I’m making fun of them, but the truth is, they work. There’s a reason they’re a hit with marketers. If you can capture the attention of the reader, there’s nothing more powerful than some strong copy.

The HEY.com landing page.

Hey has nailed this, too. Think about their target audience, people who spend a lot of time in their inbox. What are they prone to do? Read.

Notice the copy here, too:

  • Short sentences.
  • Short paragraphs.

The structure of it:

  • We’re talking about email.
  • Remember how it used to be great.
  • Gmail, Outlook, Yahoo, Apple made it bad. It’s their fault. They’re the enemy.
  • Paints a picture of what you can do with email: Connection, earn a living, etc. Email at its core is good, you just need the right platform.
  • Hey is the solution. We’re the savior.
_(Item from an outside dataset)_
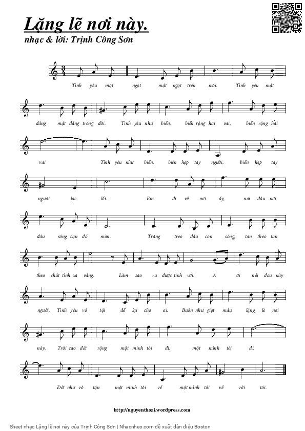 The Videos/audios Lặng lẽ nơi này by Trịnh Công Sơn were embed from Youtube, Musescore or the other 3rd links. Videos are subject to 3rd's copyright control and may be removed by YouTube's copyright rules and 3rd's policies or maybe included advertisements. If you cannot access to these songs, this mean that have been removed.

It’s a copywriting masterclass.

Rather than stuffing their landing page with fancy artist illustrations of cartoons on computers, they’ve filled it with copy that’s going to resonate with their audience, and evoke an emotional response that no stock-image can: Yeah, I am sick and tired with Gmail and having my privacy compromised. I want in. The only thing is you can’t get in, just yet.

What you can learn

Words are powerful. They evoke emotion. Use them.

Strategy 4: Scarcity

On the back of the scarcity tactics that Superhuman has used so successfully in forcing a product-market fit, Hey is only accepting users who have an invite code, and on a limited basis.
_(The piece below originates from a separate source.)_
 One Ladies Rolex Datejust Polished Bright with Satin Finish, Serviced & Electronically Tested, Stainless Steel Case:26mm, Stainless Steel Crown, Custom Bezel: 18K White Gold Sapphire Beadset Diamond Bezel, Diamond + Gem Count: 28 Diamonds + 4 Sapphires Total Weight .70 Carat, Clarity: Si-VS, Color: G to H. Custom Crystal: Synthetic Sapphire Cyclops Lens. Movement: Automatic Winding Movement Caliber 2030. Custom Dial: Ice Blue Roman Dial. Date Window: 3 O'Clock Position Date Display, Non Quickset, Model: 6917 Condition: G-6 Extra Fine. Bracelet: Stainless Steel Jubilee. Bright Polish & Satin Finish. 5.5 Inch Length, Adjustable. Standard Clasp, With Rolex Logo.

Fried said they’ll be letting in 200 people at a time on a drip-basis to keep things running smoothly and make sure nothing breaks. What this has also done is made it something that most people don’t have. Right now, to get in, you have to be part of the inner circle. And who doesn’t want into that?

Everyone wants to be part of something new, exciting, and fresh. It’s like flashing the new iPhone when it’s launched. Scarcity is an extremely great tactic for creating hype. Here’s a self-perpetuating flywheel, which if you get spinning just enough, can become a powerful launch tool:

This was multiplied by @dhh and @jasonfried’s riff on Apple.

Nothing about “You should download our app because it’s great and can help you do x, y, and z.” Get the app because soon it might (probably won’t) be gone. Not because it’s good. Scarcity.

Strategy 5: Leverage Distribution and An Underdog Story

A skeptic might look at the Hey vs Apple saga and sniff a bit of a PR stunt. And they’d certainly not be all the way wrong. Hey has even gone to the extent of making a page on their website: hey.com/apple where they detail the Apple saga. It’s a classic David vs Goliath play.

The underdog takes on the behemoth. People love an underdog story.

And Fried and Hansson are singing that sweet anti-Apple melody at the top of their voices. Hansson says we’re “taking on Google’s stronghold of Gmail” like it’s Google’s fault that Hey decided to take them on. He says in another tweet something to the effect of, I’ll burn this house to the ground before I let Apple win this fight. Dramatic, no?

You’d destroy a company that clearly has something going for it, which you’ve built over a period of two years, rather than take a 30% revenue share agreement with Apple on only some of your sales? That argument aside, the tactics are sound.

So, what have they actually done here? Well, people love Apple. They have a huge following of customers. It’s one of the largest companies in the world, and a large chunk of their customer-base overlaps with those people that Hey are trying to target.

So when a little company out of Chigaco (with only $25 million annual revenue according to Forbes 2017) kicks up a big fuss about anti-trust and bullying tactics, everyone sits up and listens. And what happens? The press latches on:

From HEY’s own website.

Suddenly, HEY’s in the mainstream media. Nifty, right?

What you can learn

Craft a narrative. People love a story. Make sure it's a genuine one, though.

Leverage the distribution of other channels. Where are your customers? How can you use someone else’s network to reach them?